Efforts to alleviate energy poverty among students should be diversified and aim to improve the availability and quality of student residences, as well as support those who experience energy poverty in rented accommodation. An adequate supply of affordable places in dormitories would provide an alternative to renting apartments that do not meet adequate thermal insulation standards and thus reduce the demand for them. The decreasing demand, in turn, will motivate their owners to make the necessary improvements. In view of this fact, the tax relief in force since January 2019, namely the tax deductibility of thermal retrofit costs in single-family residential buildings, should be maintained. The system of need-based grants should not include preferences for persons living in premises with substandard thermal properties, but rather constitute a buffer allowing those people to live with a degree of comfort in such premises.

It also seems reasonable to continue support for those who have switched to a green heating source based on the income criterion. The currently applied formula is based on a subsidy rate for 1 m² per year as a function of the estimated increase in the cost of heating using one of the green systems.

5. Conclusions

This paper explores the relationships between several energy poverty variables among university students in Krakow (Poland). The most important findings include the following: (1) those students who paid more for energy (above 10% of expenses) tended to be less energy aware than others; (2) students who experienced inappropriate temperature (heating) due to excessive costs had to move out of their homes more often to study in Krakow; (3) more students did not pay for their housing during the pandemic than before it; (4) during the COVID-19 pandemic, especially its first wave, students experienced temporary surges in the overall living costs.
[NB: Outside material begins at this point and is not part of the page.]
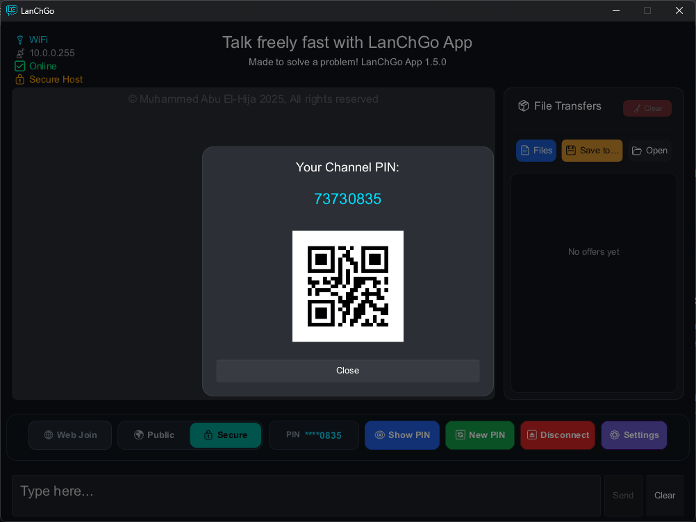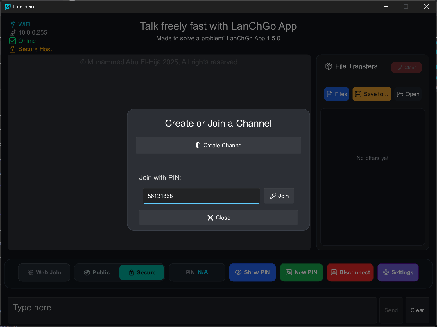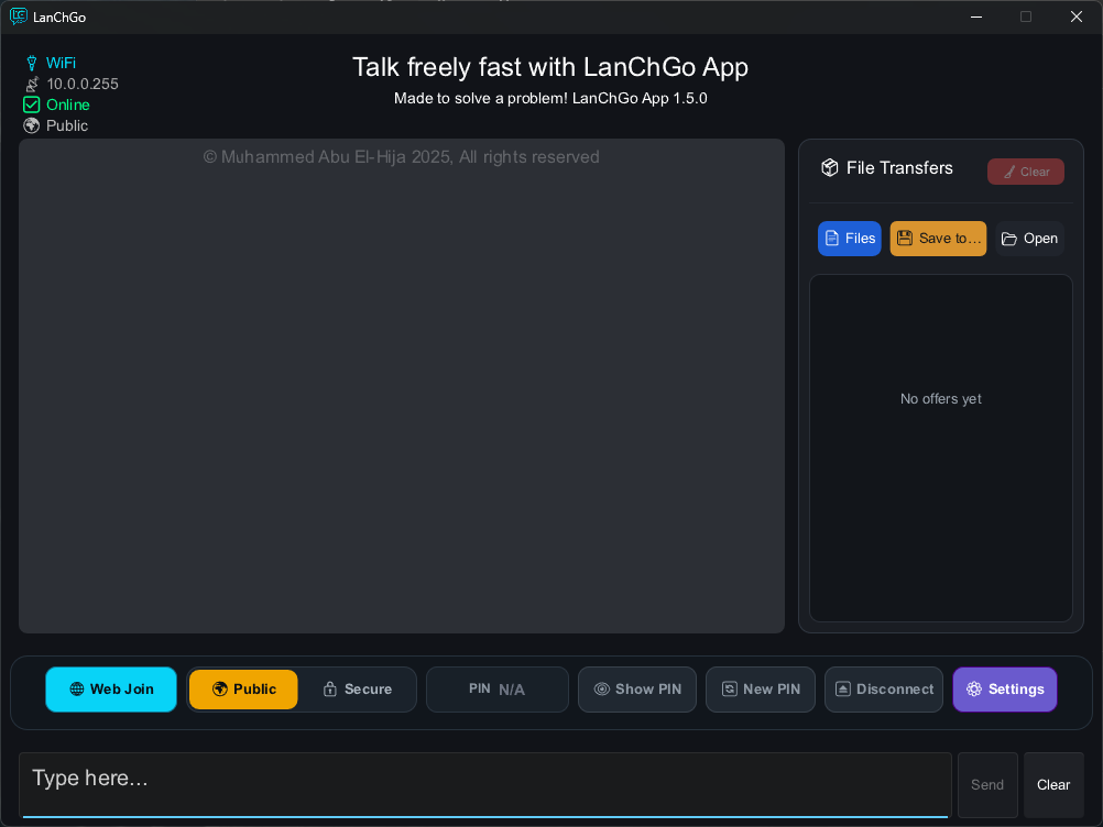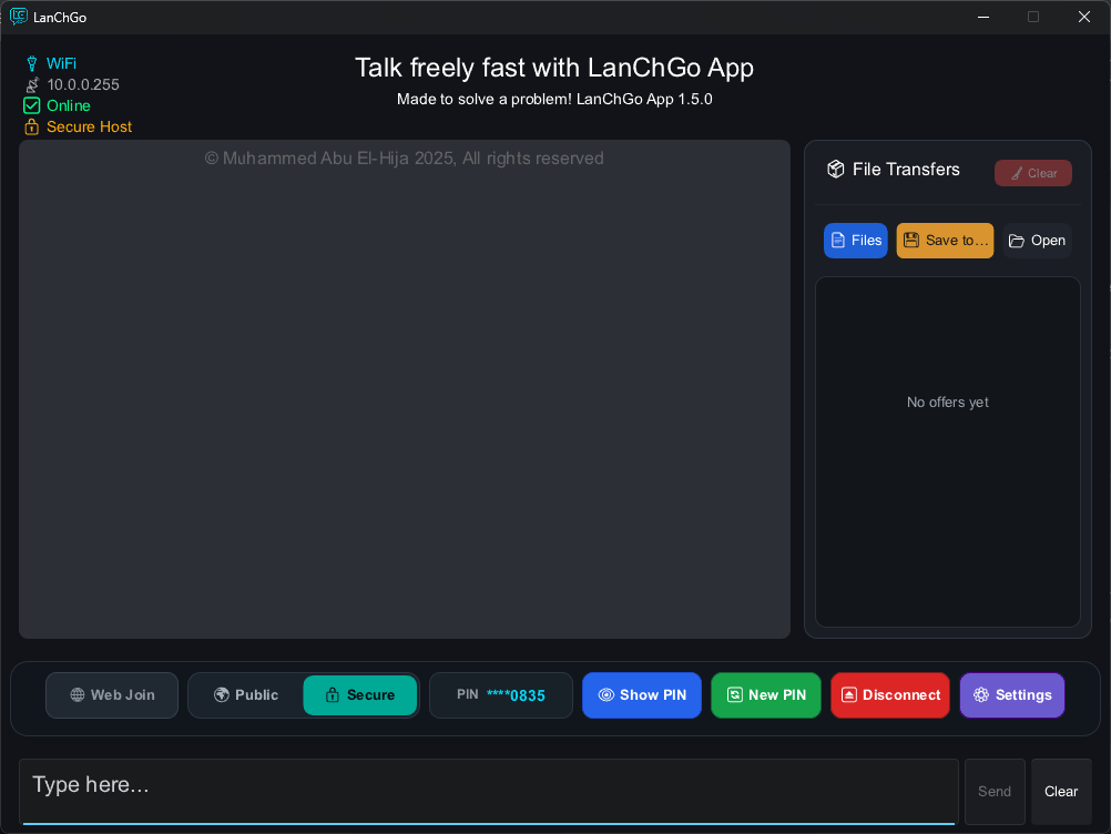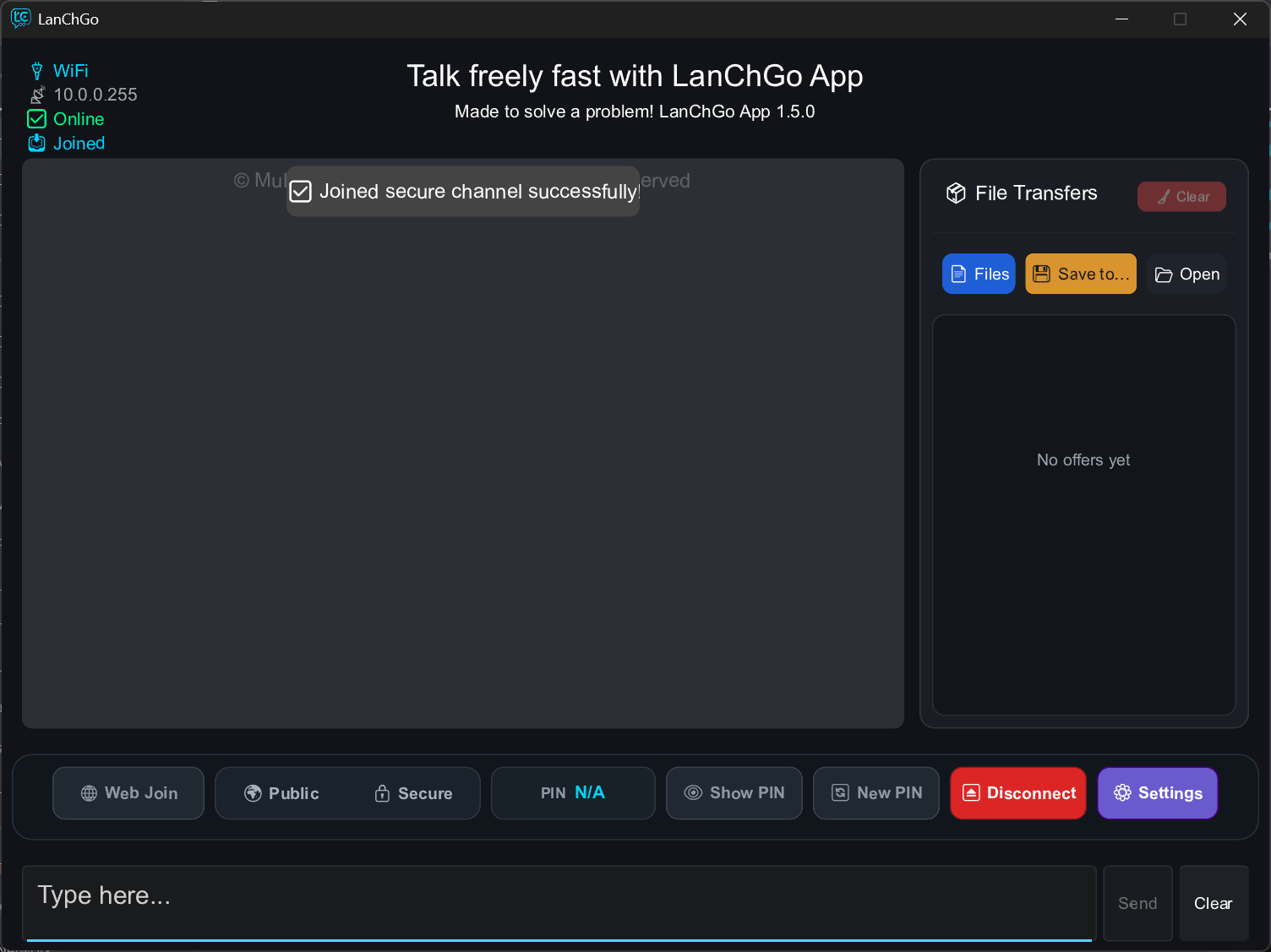 LanChGo is a fast, secure local area network (LAN) chat application designed for Windows, Android and Browser-Based. It enables you to communicate instantly over your local network without the need for an internet connection, external servers, or account registrations. You can maintain your privacy while chatting and sharing information with other users on the same network with secure channel, making it an ideal tool for environments where speed, efficiency and security are priorities.

The latter phenomenon was accompanied by a significant reduction in income for a number of students who lost their casual jobs due to the massive lockdown of the economy. The study has also shown that students who had more influence over the choice of their housing were less likely to experience energy poverty. Those who found it difficult or impossible to cover the heating expenses (which reflect the high costs of living in Krakow), complained of discomfort and/or fatigue and tended to fall ill more often that those who could afford them.